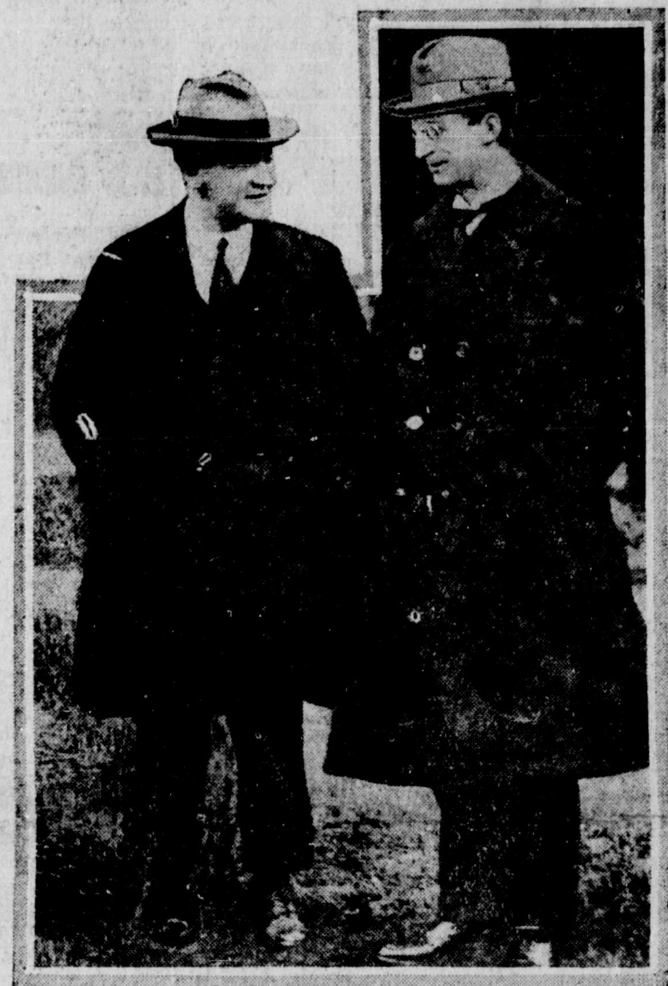
FIRST POSED PICTURE OF DE VALERA AND MICHAEL COLLINS.

The meeting of the Sinn Fein Ard Echeis at the Dublin Mansion House aroused exceptional public interest not only in England and Ireland but in the United States as well. Delegates from all parts of Ireland, including Ulster, were present. Eamonn de Valera presided at the meeting. This photograph, taken outside the Mansion House, shows Michael Collins, President of Sinn Fein, and Eamonn de Valera, "all smiles." While both are bitterly opposed politically, they are great friends otherwise. This is thought to be the first posed picture ever taken that shows the two leaders of the belligerent factions together.
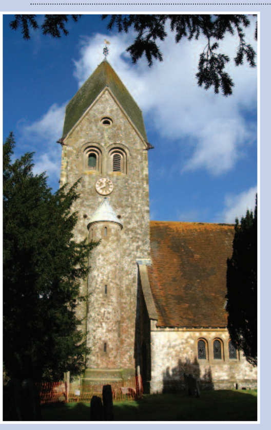
The Rhenish Helm bell tower of Hawkley church
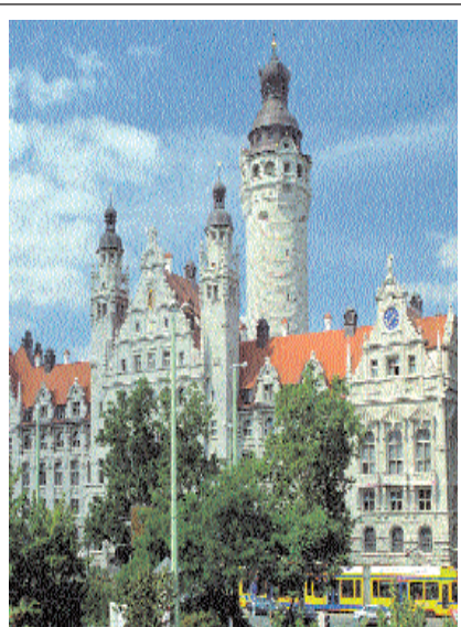
Leipzig's Townhall is an attraction for tourists
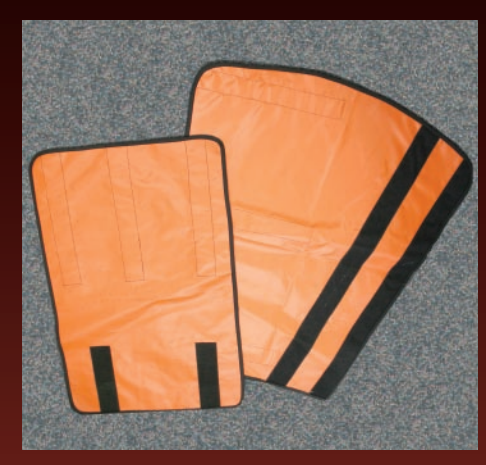
Reeves Sleeve Chest and Leg Extenders (RSS0050)

Replacement components include additional Head Blocks (RSS0026), Transport Bags [for both Black (RSS0054) and Orange (RSS0039) versions], Head and Chin Strap Sets (RSS0049), and Buckles.
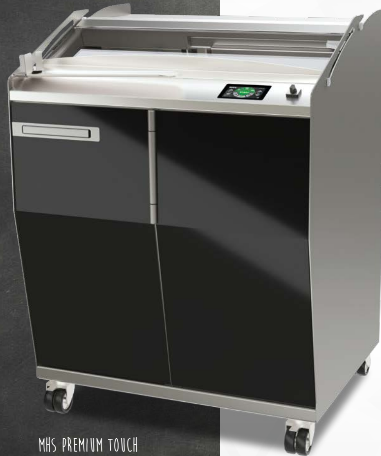
MHS PREMIUM TOUCH
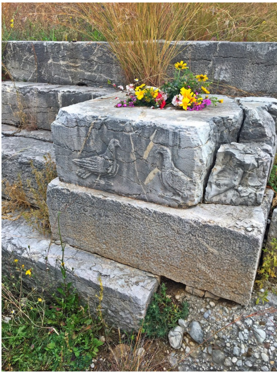
At the sacred space of Hērā.
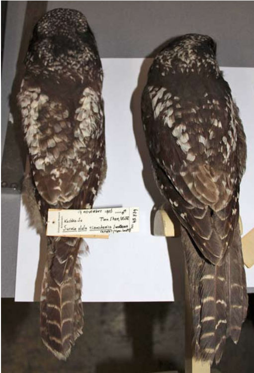
12 American Hawk Owl / Amerikaanse Sperweruil Surnia ulula caparoch (caught off Las Palmas, Gran Canaria, Canary Islands, in October 1924), right, with Northern Hawk-Owl / Sperweruil S u tianschanica (specimen from Central Asia), Naturalis Biodiversity Center, Leiden, Netherlands, August 2012 (Cosme D Romay)
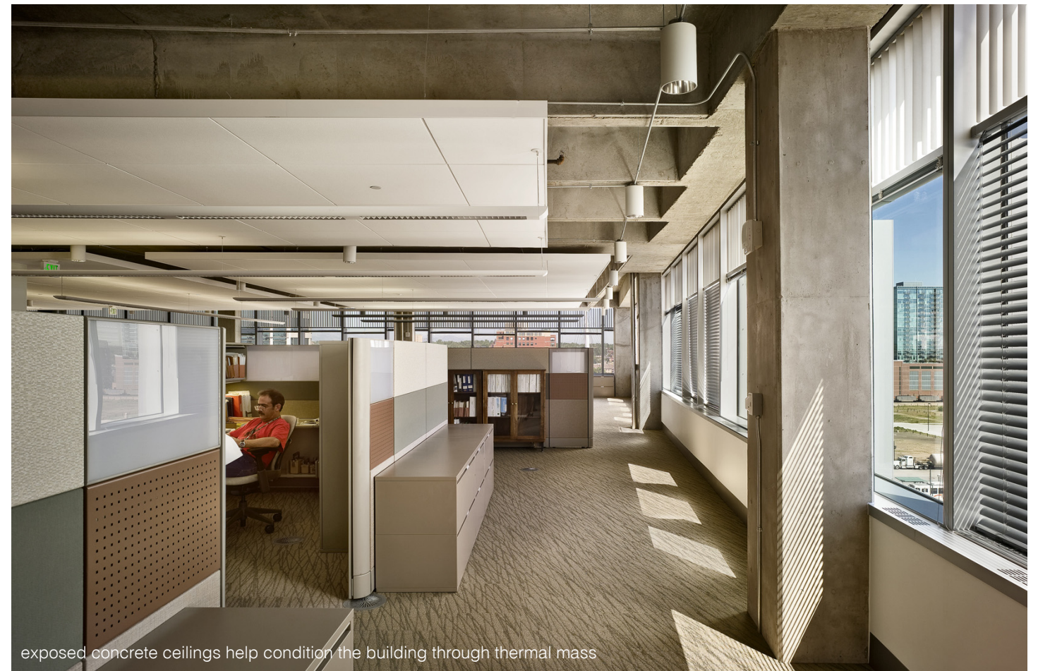
exposed concrete ceilings help condition the building through thermal mass

·····

Copy the listing above word for word. Do not include the pictures.

FIRST POSED PICTURE OF DE VALERA AND MICHAEL COLLINS.

The meeting of the Sinn Fein Ard Echeis at the Dublin Mansion House aroused exceptional public interest not only in England and Ireland but in the United States as well. Delegates from all parts of Ireland, including Ulster, were present. Eamonn de Valera presided at the meeting. This photograph, taken outside the Mansion House, shows Michael Collins, President of Sinn Fein, and Eamonn de Valera, "all smiles." While both are bitterly opposed politically, they are great friends otherwise. This is thought to be the first posed picture ever taken that shows the two leaders of the belligerent factions together.
The Rhenish Helm bell tower of Hawkley church
Leipzig's Townhall is an attraction for tourists
Reeves Sleeve Chest and Leg Extenders (RSS0050)

Replacement components include additional Head Blocks (RSS0026), Transport Bags [for both Black (RSS0054) and Orange (RSS0039) versions], Head and Chin Strap Sets (RSS0049), and Buckles.
MHS PREMIUM TOUCH
At the sacred space of Hērā.
12 American Hawk Owl / Amerikaanse Sperweruil Surnia ulula caparoch (caught off Las Palmas, Gran Canaria, Canary Islands, in October 1924), right, with Northern Hawk-Owl / Sperweruil S u tianschanica (specimen from Central Asia), Naturalis Biodiversity Center, Leiden, Netherlands, August 2012 (Cosme D Romay)
exposed concrete ceilings help condition the building through thermal mass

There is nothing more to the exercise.